Feet_On_ScaleWhat Did The Study Show?

  • Weight loss (7 pounds in 21 days) was the same on all 3 diets.
  • The high protein (28% and 42%) diets caused almost 2X more fat loss (5 pounds versus 2.8 pounds) than the diet supplying the RDA amount of protein.
  • The high protein (28% and 42%) diets caused 2X less muscle loss (2.1 pounds versus 4.2 pounds) than the diet supplying the RDA amount of protein.
  • In case you didn’t notice, there was no difference in overall results between the 28% (2X the RDA) and 42% (3X the RDA) diets.

Pros And Cons Of The Study:

  • The con is fairly obvious. The participants in this study were all young, healthy and were not seriously overweight. If this were the only study of this type one might seriously question whether the results were applicable to middle aged, overweight coach potatoes. However, there have been several other studies with older, more overweight volunteers that have come to the same conclusion – namely that high protein diets preserve muscle mass and enhance fat loss.
  • The value of this study is that it defines for the first time the upper limit for how much protein is required to preserve muscle mass in a weight loss regimen. 28% of calories is sufficient, and there appear to be no benefit from increasing protein further. I would add the caveat that there are studies suggesting that protein requirements for preserving muscle mass may be greater in adults 50 and older.

The Bottom Line:

1)    Forget the high fat diets, low fat diets, pills and potions. High protein diets (~2X the RDA or 28% of calories) do appear to be the safest, most effective way to preserve muscle mass and enhance fat loss in a weight loss regimen.

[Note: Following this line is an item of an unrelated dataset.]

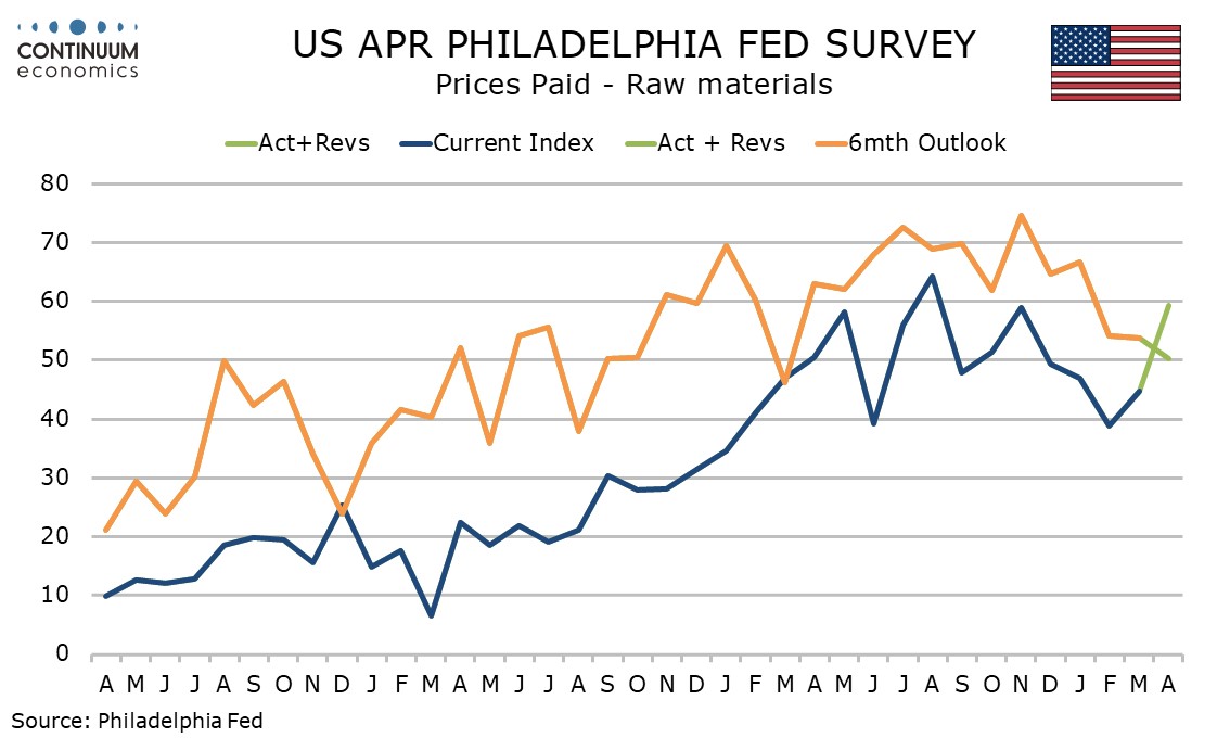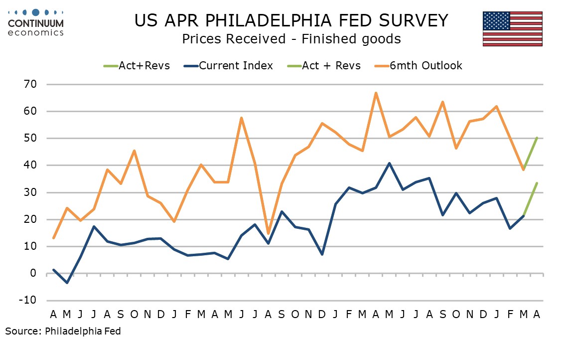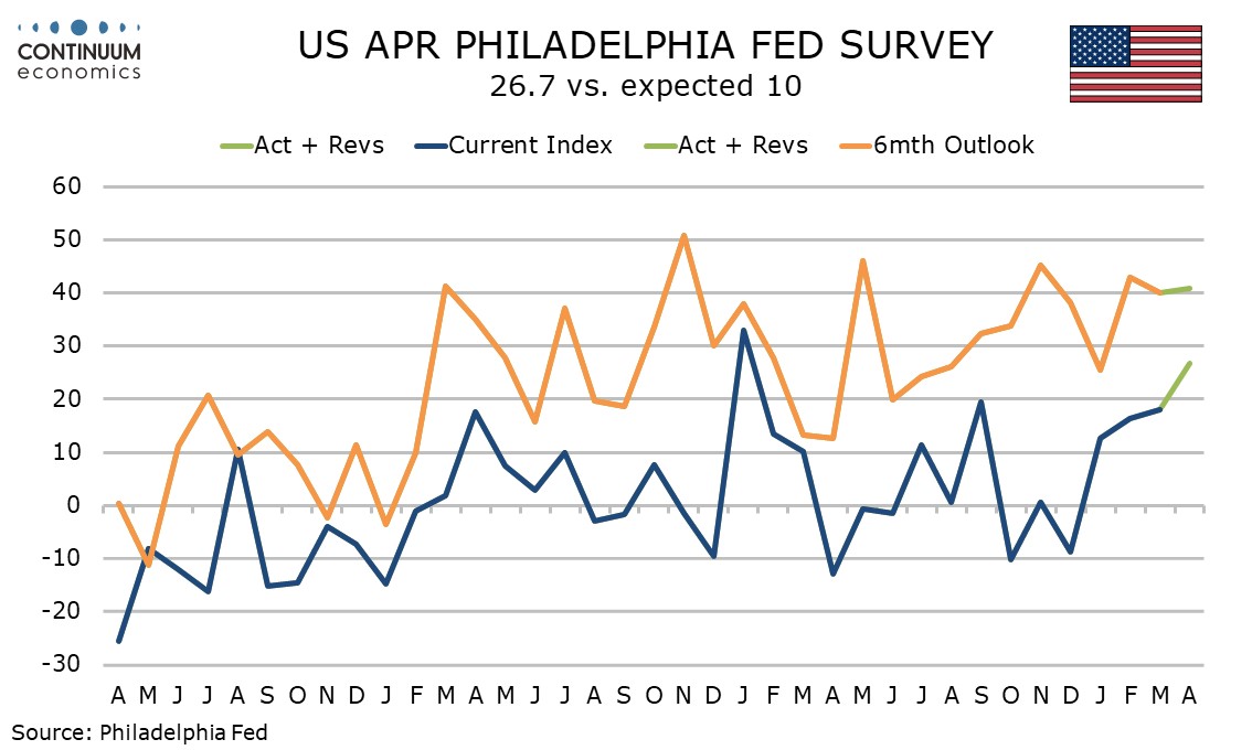 The latest US data suggests the economy so far is holding up well to the oil shock, with initial claims low at 207k from 218k and the April Philly Fed at 26.7 from 18.1, reaching its strongest since January 2025. Price data is mostly firmer, but not alarmingly so.

2)     That’s not a lot of protein, by the way. The average American consumes almost 2X the RDA for protein on a daily basis. However, it is significantly more protein than the average American consumes when they are trying to lose weight. Salads and carrot sticks are great diet foods, but they don’t contain much protein.

3)     Higher protein intake does not appear to offer any additional benefit – at least in young adults.

4)     Not all high protein diets are created equal. What some people call high protein diets are laden with saturated fats or devoid of carbohydrate. The diet in this study, which is what I recommend, had 43% healthy carbohydrates and 30% healthy fats.

5)    These diets were designed to give 7 pounds of weight loss in 21 days – which is what the experts recommend. There are diets out there promising faster weight loss but they severely restrict calories and/or rely heavily on stimulants, they do not preserve muscle mass, and they often are not safe. In addition they are usually temporary.  I do not recommend them.

6)    This level of protein intake is safe for almost everyone. The major exception would be people with kidney disease, who should always check with their doctor before increasing protein intake. The only other caveat is that protein metabolism creates a lot of nitrogenous waste, so you should drink plenty of water to flush that waste out of your system. But, water is always a good idea.

7)     The high protein diets minimized, but did not completely prevent, muscle loss. Other studies suggest that adding the amino acid leucine to a high protein diet can give 100% retention of muscle mass in a weight loss regimen – but that’s another story for another day.

These statements have not been evaluated by the Food and Drug Administration. This information is not intended to diagnose, treat, cure or prevent any disease.